None of the patients with apical LVH following transplant had to be hospitalized for heart failure, malignant ventricular arrhythmias, or sudden cardiac death. The predominant symptom was exertional dyspnea, (7 patients, 87.5%). One previously reported case of LVH following HTx also had a benign clinical course.6 Among the total, only 1 patient had repeated episodes of syncope; head trauma occurring in 1 of the episodes led to intracranial bleeding and death.
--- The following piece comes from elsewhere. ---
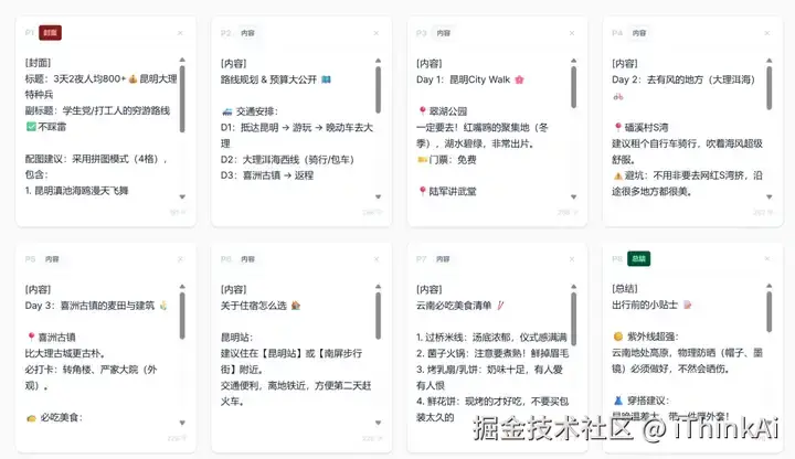 •第二步:生成文案大纲。AI 会自动为你拟好吸睛标题、正文描述,并拆解出每一张图的排版文案。在这个环节,你可以根据自己的语感进行微调。
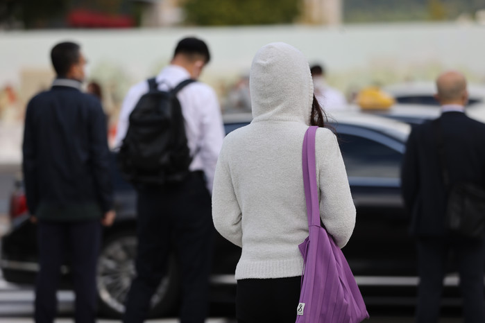 쌀쌀한 날씨를 보인 12일 오전 서울 종로구 광화문네거리에서 후드가디건 모자를 눌러쓴 한 시민이 발걸음을 옮기고 있다.

Although LVH was severe in all cases, most patients in our series showed no significant clinical consequences. The most common symptom was functional class deterioration. This outcome is comparable to that of other cohorts with apical hypertrophic cardiomyopathy, who have shown low mortality and few adverse cardiovascular events.4,5 Although a considerable percentage of our apical LVH patients had a history of hypertension, it is unlikely that hypertension was the cause of the condition given the location of LVH and the cardiac magnetic resonance findings. The specific cause of LVH was not identified after excluding rejection and microbiological causes such as cytomegalovirus infection. Of particular note, an uncommon adverse effect of calcineurin inhibitors is LVH,2 as described in patients receiving these drugs for immunosuppressive therapy in autoimmune diseases, hematologic malignancies, and solid organ transplantation. The origin of apical LVH in our patients would likely be multifactorial, including the action of cytokines, hemodynamic overload, and possible sarcomeric cardiomyopathy in the donor that could develop later. The most important limitations of the present study are the small number of cases of apical LVH and the disparity in the length of follow-up (between 1 and 14 years).
This is the first study to date describing a consecutive series of patients with apical LVH following HTx, which is likely an underdiagnosed condition. The patients’ clinical course was benign in most cases.